[Coral-List] what does this new analysis tell us???

Ivan ivansteward at gmail.com
Wed Feb 9 01:05:53 UTC 2022


Hi Doug/All,

Good post and very thought provoking points. Interesting perspectives.

I'm going to quickly and anecdotally support Doug here regarding
observations in the Indo-Pacific. Call it cherry picking if you like, but
until we can all systematically, accurately and repeatedly monitor across
the entire globe, with as close to replicate efforts spatially and
regarding methods as possible (the replication problem in science having
been well recognized), we still have something of a puzzle in front of us.
It's good to see improvement with standardized efforts over time.

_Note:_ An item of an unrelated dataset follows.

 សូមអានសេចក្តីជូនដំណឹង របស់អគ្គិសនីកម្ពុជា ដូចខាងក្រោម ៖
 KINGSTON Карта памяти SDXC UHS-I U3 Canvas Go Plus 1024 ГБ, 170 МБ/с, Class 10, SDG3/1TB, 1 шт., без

Firstly, you're probably all far more qualified and experienced to comment
than me. It is what it is. I'm not looking to make sweeping determinations
one way or the other. I leave that folly to politicians.

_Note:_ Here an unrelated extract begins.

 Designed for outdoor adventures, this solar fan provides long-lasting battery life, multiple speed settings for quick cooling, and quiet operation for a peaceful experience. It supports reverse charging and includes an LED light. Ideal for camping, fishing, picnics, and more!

I'm just sharing my recent observations.

I've been doing monitoring work, mainly in PNG, for about 15 years. I go
where projects send me. That's all. No big systematic and well funded
government or academic research programs across endless stretches of coast.
I dive or tow cameras, review footage, make observations and assessments
and try to pick out trends. In PNG I have monitored at one location not far
from Port Moresby for 10 years. Also surveyed at Madang, around the Morobe
Coast near Lae, Woodlark, Lihir and Manus Islands and Milne Bay.

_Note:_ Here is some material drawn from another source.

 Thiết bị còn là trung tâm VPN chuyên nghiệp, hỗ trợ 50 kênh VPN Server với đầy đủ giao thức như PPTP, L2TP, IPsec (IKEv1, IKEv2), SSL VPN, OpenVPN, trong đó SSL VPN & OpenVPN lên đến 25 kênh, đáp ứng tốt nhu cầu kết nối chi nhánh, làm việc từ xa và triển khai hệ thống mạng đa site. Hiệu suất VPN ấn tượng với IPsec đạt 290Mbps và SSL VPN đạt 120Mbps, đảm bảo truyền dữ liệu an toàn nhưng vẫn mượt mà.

Most recently, in November 2021 I conducted monitoring around Misima
Island, way off the PNG east coast mainland in the Solomon Sea. Has anyone
else been there and done survey work?

What I observed from 14 transects (between 100 and 200m length) along the
southern, northern and eastern coasts (if you'd like I can share the
videos) was that with the exception of fairly localized areas in the
south the reefs are, frankly, in pretty wonderful shape. Water temps around
2 m depth ranged from 28.7 to 29.7 C. pH ranged from 8.16 to 8.26. Pretty
standard stuff for that region. The water was not bubbling, steaming or
caustic, miraculously.

In the south, and only near freshwater outflows that have been affected by
amplified sedimentation from alluvial mining upstream, the reefs have been
demonstrably hammered. It's not the whole coast though, e.g. in one spot
where there's obvious damage, less than 100 m away the reefs look 'pretty
normal'. So, damage is localized and has obvious causation.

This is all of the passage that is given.